INPUT DATA →
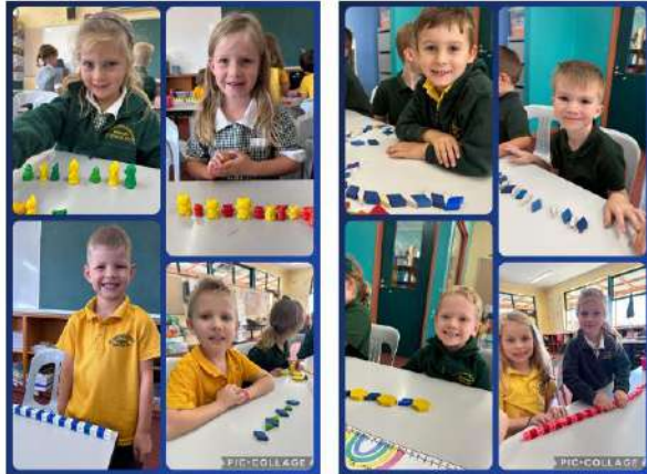
Foundation students have been learning about Patterns in Maths. They have been making and continuing patterns.
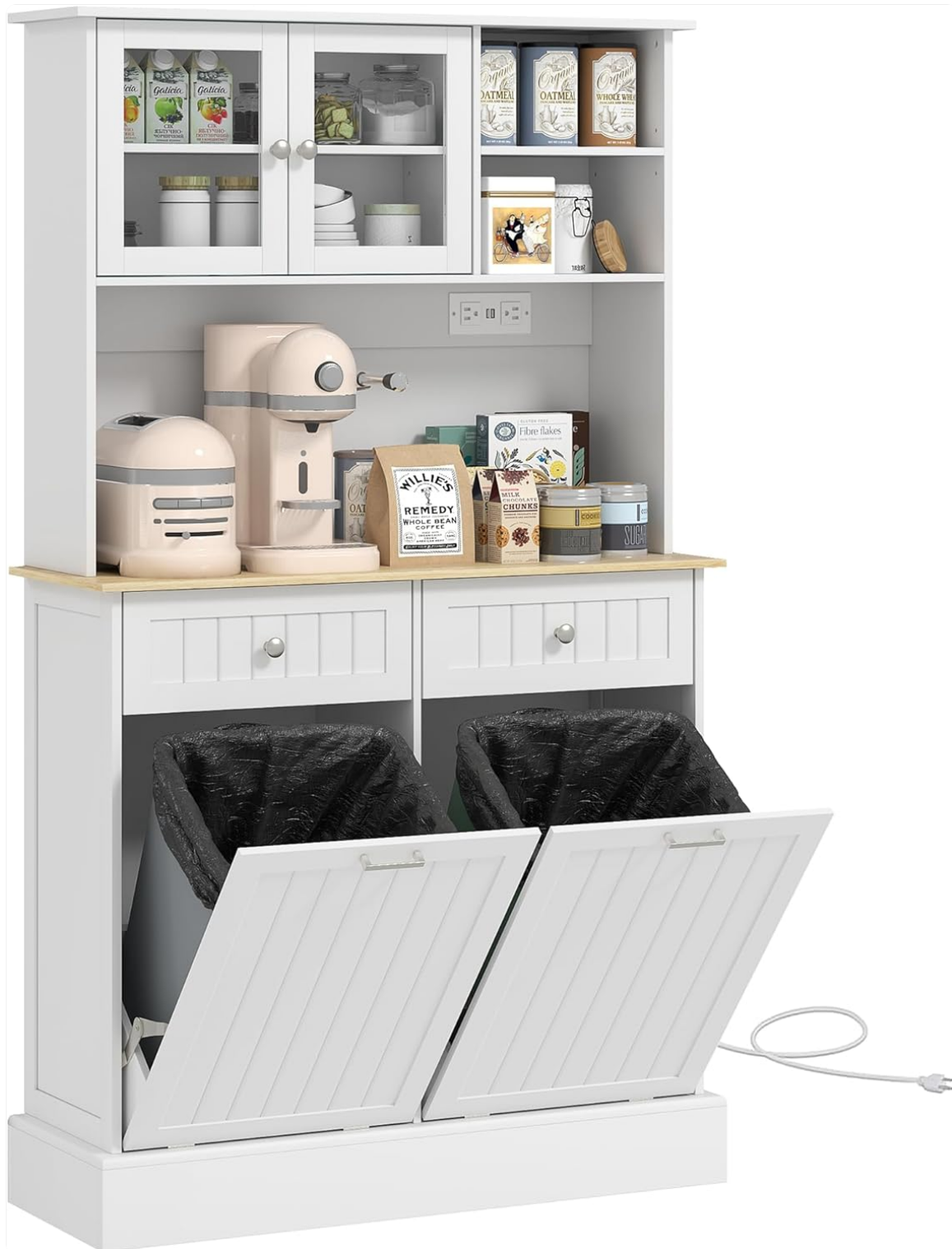
Figure 1.1: Front view of the HOMCOM Kitchen Pantry Storage Cabinet.
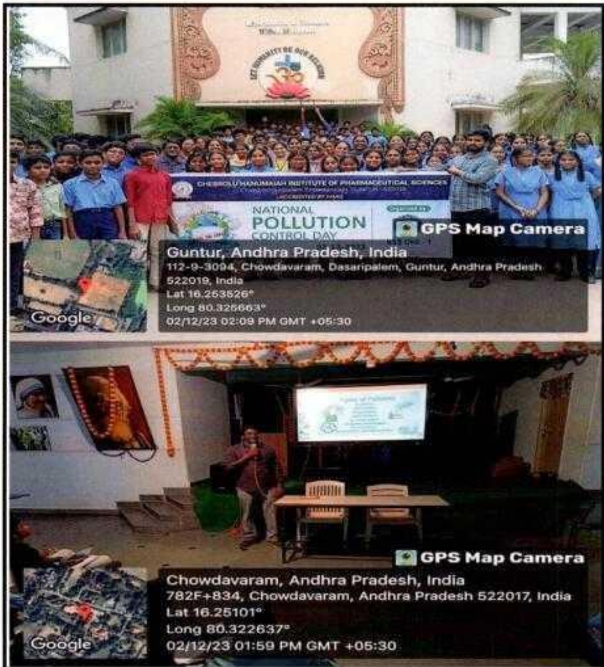
Awareness programme for school students about National Pollution Control Day
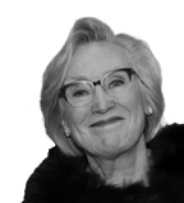
Carolyn Bennett Canada
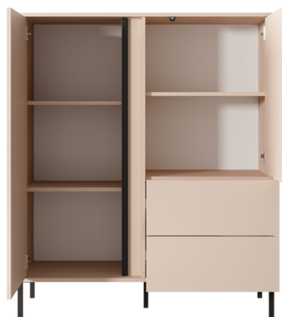
A - high commode 2d2s - W 103,3 / H 123,4 / D 39,5 cm
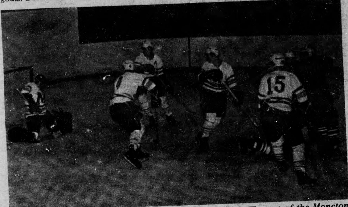
Moncton goalie kicks away a shot by Blaine Walsh (14). The rest of the Moncton players stare behind themselves, looking for the puck.
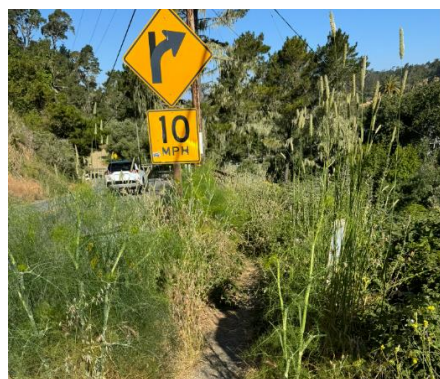
6/18/2024, from the intersection of Burton Drive and Village Lane, looking west

Following up on my comment at the NCAC meeting Wednesday night, rather urgent need to trim back the invasive vegetation overgrowth along the north side of Burton Drive between the intersection of Burton Drive and Eton Road and the Santa Rosa Creek bridge, between points A&B on the Google Maps screenshot below. This is about a 0.4 mile section that would have fairly substantial foot traffic if it weren't so hazardous.
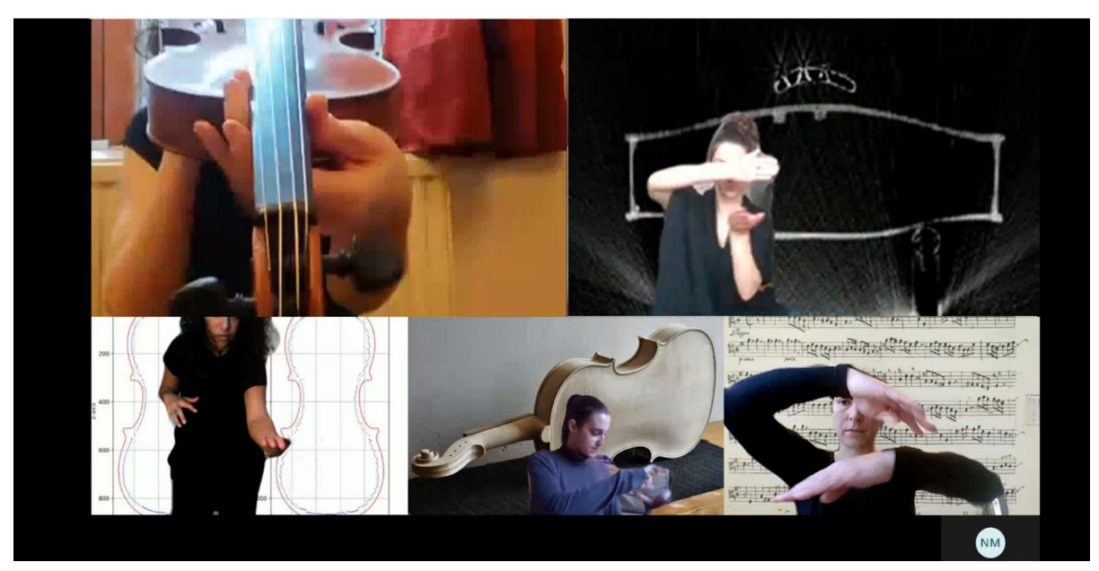
Figure 2 Dancing Experimentation Using Teams Background

and mitigate its limitations, in September 2022 the second "Dance your Ph.D. @ UCLouvain" workshop was organized using a blended/hybrid teaching method (See Table 2).

PROBLEM REQUIREMENTS → All lines above starting at the one with "Moncton goalie kicks" and ending at the one with "Figure 2 Dancing", inclusive, are to be printed again exactly, with the pictures left out.

FINAL ANSWER →
Moncton goalie kicks away a shot by Blaine Walsh (14). The rest of the Moncton players stare behind themselves, looking for the puck.
6/18/2024, from the intersection of Burton Drive and Village Lane, looking west

Following up on my comment at the NCAC meeting Wednesday night, rather urgent need to trim back the invasive vegetation overgrowth along the north side of Burton Drive between the intersection of Burton Drive and Eton Road and the Santa Rosa Creek bridge, between points A&B on the Google Maps screenshot below. This is about a 0.4 mile section that would have fairly substantial foot traffic if it weren't so hazardous.
Figure 2 Dancing Experimentation Using Teams Background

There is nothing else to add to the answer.